There is no doubt still a great deal of anxiety in China, but recent reports out of major cities in China report an acceptance of sorts, a new normal of everyday life, where almost all moments of the day are spent inside one’s home, where streets are empty except for delivery bikes. Oscar Fuchs, a Brit living in Shanghai, wrote in the middle of February, that he has gotten used to living behind locked gates in a country where swift and strong action was taken to clamp down on social interaction.

I don’t feel under siege. And as inconvenient as these restrictions are, I don’t find them stressful. I find them comforting. There’s a stoicism in my community of Chinese neighbors that is very calming. And everyday changes to regulations are being superbly well-organised and communicated. It makes me feel that China and the Chinese people are on top of this. And it makes me feel that mindset is everything.

In fact, the levels of safety and security compared to the rising concern in the rest of the world has created the perception that China is safer than other countries just starting to deal with the growing shock, anger and resistance to coronavirus. At least that is how Tony Perman, an associate professor at Grinnell College, views China after recently returning to the US from Shanghai.

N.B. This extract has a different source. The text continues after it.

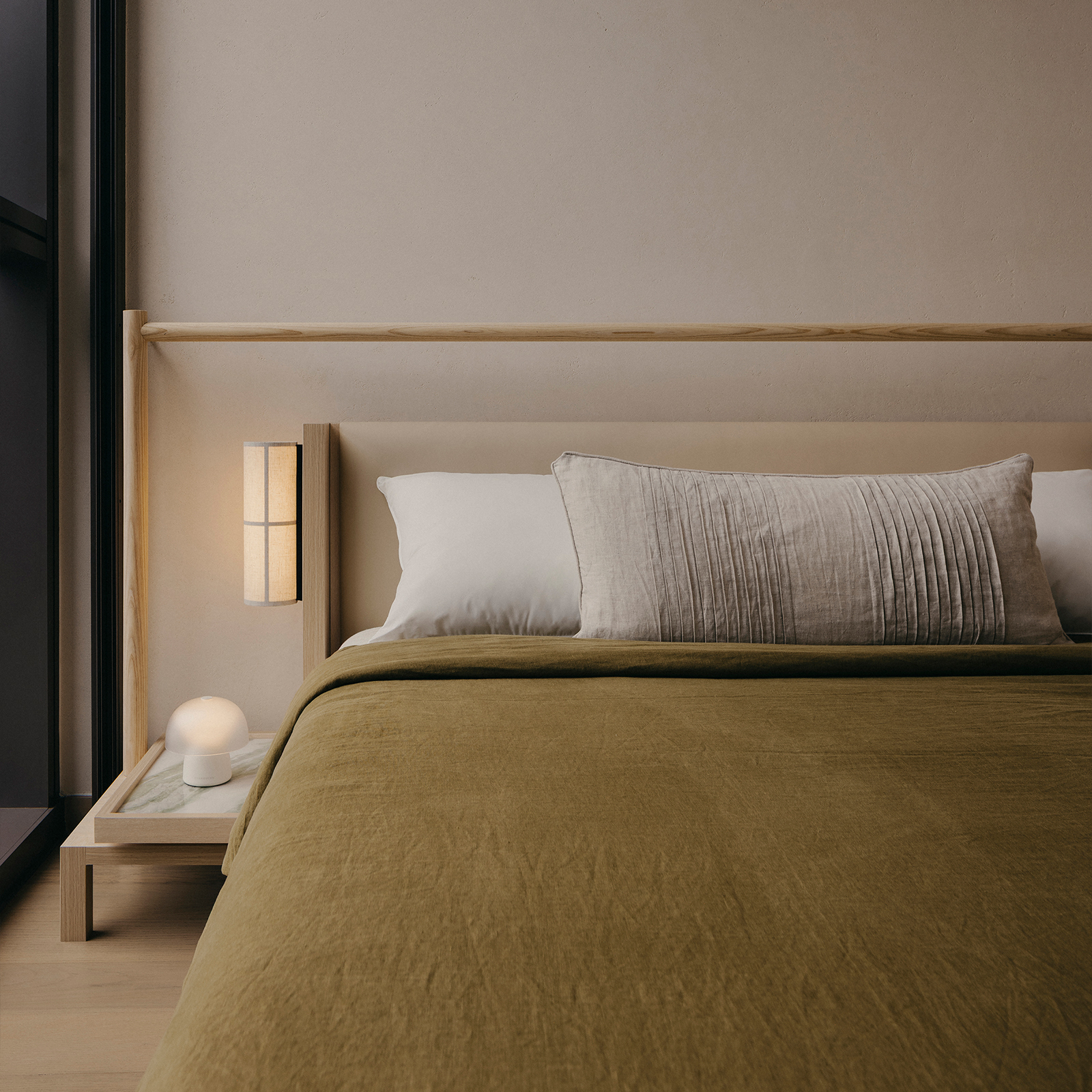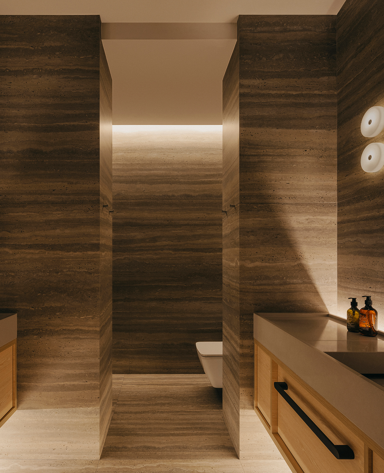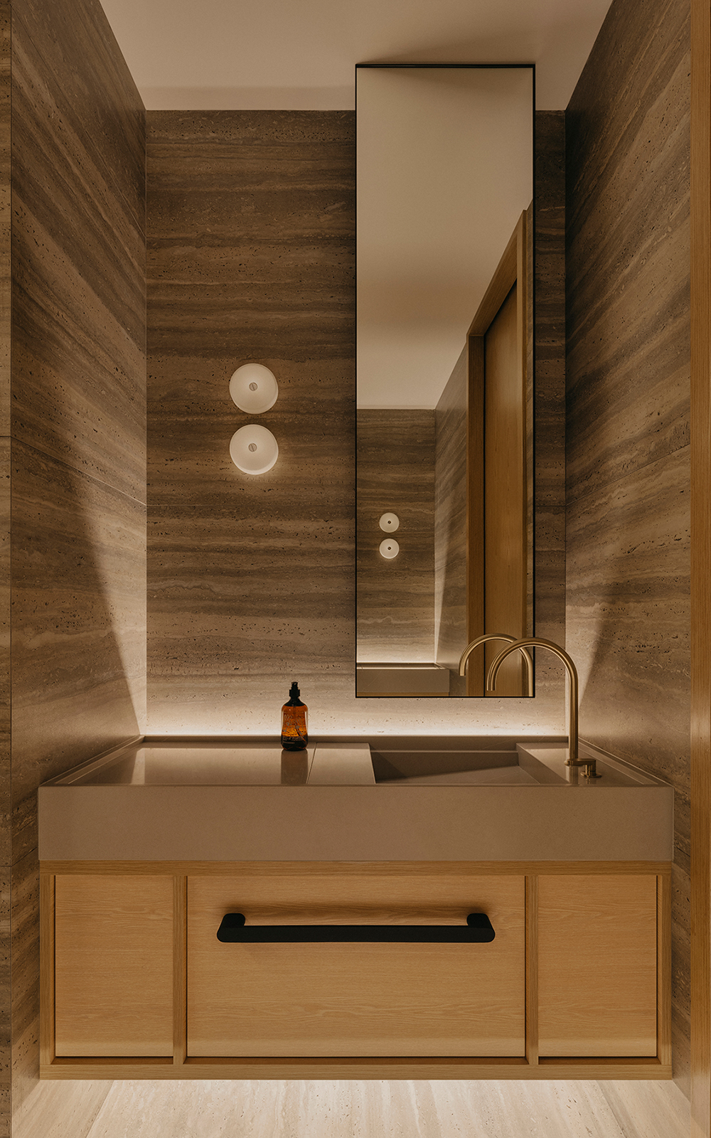 Bespoke craftsmanship informs function with poise in the junior suites, where a custom-built deck and study configuration optimally leverages the generous ceiling height, creating a thoughtful vertical stack for rest and focus. The master suite is completely reimagined from its original shell, with a bathroom conceived as a tranquil sanctuary. Dual vanities mirror each other on opposing sides, while shower facilities are discreetly tucked behind monolithic sintered travertine walls, achieving a measured balance between openness and privacy.
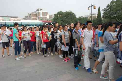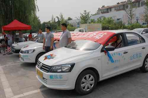 图①为考生走进考场。图②为金旺驾校的爱心助考车队。 记者曹健强摄

When my family returned to the United States after six weeks of quarantine in Shanghai, our friends and relatives responded with congratulations and relief that we were finally safe. Less than a week since arriving back home, however, we don’t quite share our loved ones’ sentiments. We felt safer in Shanghai as conditions improved than we do in the U.S.

I’ve now lived through a coronavirus quarantine in the two countries, and the differences are stark well beyond their airports. In China, the obligation to isolate felt shared and the public changed their habits almost immediately. Sterilization, cleanliness and social distancing were prioritized by everyone at all times. Rightly or wrongly, the Chinese state’s heavy-handed approach seemed to work.

We do not know how long the COVID-19 pandemic will last. Many of us are still in the early stages of the change curve. For me personally, it’s been a succession of shock-anger-resistance cycles. During the Diamond Princess scare in February, I shared the armchair frustration and anger, but continued to attend networking events where large groups of people attended.

Then there were the series of corporate or chamber of commerce events that I was personally involved with that had to be postponed, with the hope that they would be re-scheduled for early Spring or Summer.

And while various officials would speak out on the possible cancellation or postponement of the 2020 Tokyo Olympics, I joined Tokyo2020 officials in the belief that the Show would go on as scheduled, wishfully believing that something so big, with so many stakeholders, with so much invested, could not be cancelled or postponed.

But the rapid-fire shocks of recent events have had a desensitizing effect on me. The reality is, the health and welfare of people around the world, whether they be members of our own family, friends, athletes, or world leaders for that matter, is far more important than a sporting event, even a mega, big-tent event like the Summer Olympics.

To be honest, I am still in that resistance stage, hoping that the 2020 Tokyo Olympics and Paralympics will take place as scheduled. But as expressions of shock, anger and resistance continue to grow well beyond Asia, and uncertainty persists as to when a reliable treatment or cure will emerge, it is hard to imagine a world that is secure and confident enough to congregate in July by the tens of thousands in one city – Tokyo.

I’m not quite at the second “A” in SARA, but I’m getting there.

And once there, I hope to add the letter “H,” which represents healing and hope.

Normalcy will return. But not until the change curve has run its course.